Datafest Oregon 2016
This year, I competed in Datafest. Datafest is a data analysis competition for students, with a corporate sponsor who provides the data. For this competition Ticketmaster provided the data, and Datafest itself was hosted by Dr. Charlotte Wickham, an assistant professor in the Statistics Department at OSU.
Our team was called “Pretty Terrestrial”, and consisted of myself, Michelle Wiley, Steven Freidman, and Camden Lopez. It was a lot of fun working together on this project, especially when it got down to crunch time in the final hour.
The best data visualization on here is the interactive map at the end, so if you want to skip ahead to that, check out the results section.
The team (from left to right): Steve Freidman, Andrew Brereton (me),
Camden Lopez, Michelle
The data that we received was in the form of three tables:
- Adwords data - information from Google about the ad campaigns
- User behavior data - information about what pages users looked at, and for how long, etc.
- Purchase data - each row here represented a ticket purchase
We were able to narrow down our search for insights by ignoring the Adwords data. That aspect of the problem was less interesting to us, so we didn’t consider it. That left us with only ~4 Gb of data to search through for cool stuff.
We started off with a hunch. Many of us grew up in isolated regions. The concert-going experience in an isolated region is really straightforward: a band you’re interested in is doing a show in the only nearby city, so you try really hard to get tickets because you never know if they’ll ever return. In terms of our data, we were wondering if we would see any relationships between ticket sale price, and willingness to travel to events.
To assess willingness to travel, we first had to come up with some sense of distance. So we obtained latitude and longitude by using the zip-code, city, and state names in the purchase dataset, and the geolocation of the IP addresses in the user behaviour dataset. Next we used the Haversine formula to convert the lat-long differences into a distance (in km). So now we had a metric for each user in the behaviour dataset, which tells us how far they were from the event they were looking at.
Then we can plot that on a map!
The first version of this map had a line connecting every user to every event they looked at. The whole map was black. It turns out people from all over tend to look at events from all over. Makes sense, I assume people are more interested in the band then they are in the location. To fix this, we identified the median user-distance for each event.
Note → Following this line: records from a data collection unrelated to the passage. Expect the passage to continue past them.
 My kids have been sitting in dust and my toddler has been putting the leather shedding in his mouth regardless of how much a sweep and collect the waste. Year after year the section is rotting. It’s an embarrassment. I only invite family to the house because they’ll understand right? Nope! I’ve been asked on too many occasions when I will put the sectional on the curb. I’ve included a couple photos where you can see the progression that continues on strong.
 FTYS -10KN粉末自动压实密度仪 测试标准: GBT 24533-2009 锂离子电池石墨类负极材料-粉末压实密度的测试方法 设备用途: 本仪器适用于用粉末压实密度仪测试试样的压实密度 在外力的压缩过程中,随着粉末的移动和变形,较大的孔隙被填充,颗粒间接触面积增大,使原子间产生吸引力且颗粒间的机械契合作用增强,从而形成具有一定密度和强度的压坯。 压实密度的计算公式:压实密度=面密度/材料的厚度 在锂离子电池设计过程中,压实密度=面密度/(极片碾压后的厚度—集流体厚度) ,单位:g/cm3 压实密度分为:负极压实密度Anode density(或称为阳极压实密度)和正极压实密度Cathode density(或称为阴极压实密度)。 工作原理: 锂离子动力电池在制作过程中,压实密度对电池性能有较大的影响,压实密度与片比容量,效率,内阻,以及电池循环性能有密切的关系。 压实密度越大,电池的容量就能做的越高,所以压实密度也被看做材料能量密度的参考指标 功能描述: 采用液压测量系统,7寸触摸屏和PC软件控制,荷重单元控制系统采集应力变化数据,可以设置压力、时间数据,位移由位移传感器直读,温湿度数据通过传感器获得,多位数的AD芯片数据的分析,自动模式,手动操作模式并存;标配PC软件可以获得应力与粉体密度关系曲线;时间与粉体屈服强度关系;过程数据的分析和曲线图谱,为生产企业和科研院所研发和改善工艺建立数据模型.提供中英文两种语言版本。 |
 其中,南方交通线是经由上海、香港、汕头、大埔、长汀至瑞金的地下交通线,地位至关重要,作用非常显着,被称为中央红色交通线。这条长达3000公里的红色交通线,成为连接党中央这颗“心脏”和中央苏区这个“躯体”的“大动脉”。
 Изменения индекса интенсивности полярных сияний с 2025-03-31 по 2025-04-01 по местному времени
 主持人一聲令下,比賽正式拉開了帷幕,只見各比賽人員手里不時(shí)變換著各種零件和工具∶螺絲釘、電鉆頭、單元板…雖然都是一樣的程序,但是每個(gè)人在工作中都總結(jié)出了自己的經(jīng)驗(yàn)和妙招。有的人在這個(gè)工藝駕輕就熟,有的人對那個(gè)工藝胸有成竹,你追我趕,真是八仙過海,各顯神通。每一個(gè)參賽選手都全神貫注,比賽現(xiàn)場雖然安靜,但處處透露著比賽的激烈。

Looking at the map, the most interesting thing we noticed is that a lot of events along the west coast seem to attract more interest from afar, and events in the Midwest attract less interest from afar. It seemed like there might be something to this after all.
We hoped to get a finer picture of what was going on however, so we started by breaking down the analysis by region.
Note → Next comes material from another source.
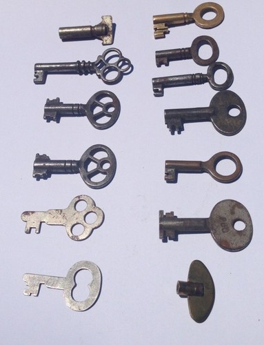 Title (ebay affiliate link): Lot Clock Keys Antique Skeleton Key Hollow Barrel Watch Keys Alarm Clock
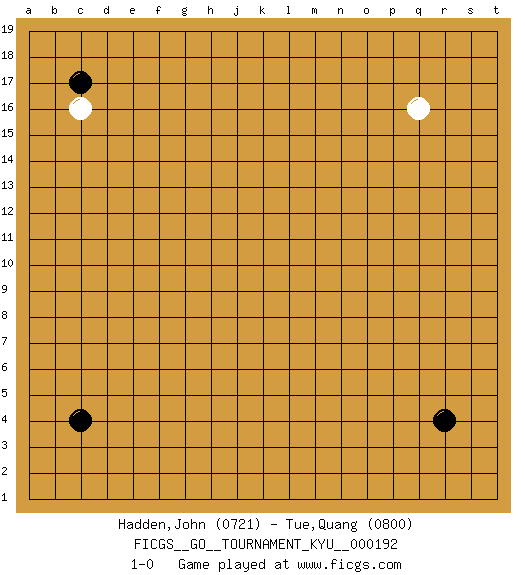 Last move : 1-0 2019 March 3 22:11:21 [Event "FICGS__GO__TOURNAMENT_KYU__000192"] [Site "FICGS"] [Date "2019.01.26"] [Round "1"] [Black "Hadden,John"] [White "Tue,Quang"] [Result "1-0"] [Rating 1 "0721"] [Rating 2 "0800"] 1.c4 q16 2.r4 c16 3.c17 1-0 This go game has been lost on time (started : 2019.01.26 16:1:10) Here are the names of the openings (joseki) played in the four corners : Corner d16 : c16 c17 Komoku (Somok, Xiao~mu`) 3-4 Point. The komoku (3-4) point is the traditional corner enclosure move.. This is not joseki. n invasion to take the corner after White made a shimari-less moyo on top disabling the other moves. Corner d4 : c4 1-0 Komoku (Somok, Xiao~mu`) 3-4 Point. The komoku (3-4) point is the traditional corner enclosure move.. Player Black won this Go (weiqi, baduk) game. Follow this game move after move (download)More haste less speed. (John Fairbairn) That's absurd. I love it. (Gregory House, House M.D.)

Looking at this plot, it’s clear that events in each region are mostly looked at by people from that region. That’s a great sanity check, but maybe not that interesting. So we added cost back into the picture.
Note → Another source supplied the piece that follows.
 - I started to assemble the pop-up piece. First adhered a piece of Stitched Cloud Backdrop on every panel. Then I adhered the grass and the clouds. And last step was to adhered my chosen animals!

Here, we see an interesting trend. It seems like people do pay more when the event they are interested in is more distant… or rather, they do if the event is in the west. It’s also interesting to see the straight horizontal line at about \$100. It seems people are hesitant to sell for more than that.
At this point, we felt like we were getting somewhere. We still needed something with a little more resolution than these broad regions though. So we broke all the user-event pairs up by state-to-state, and created a metric I call the Weighted Financial Interest (WFI).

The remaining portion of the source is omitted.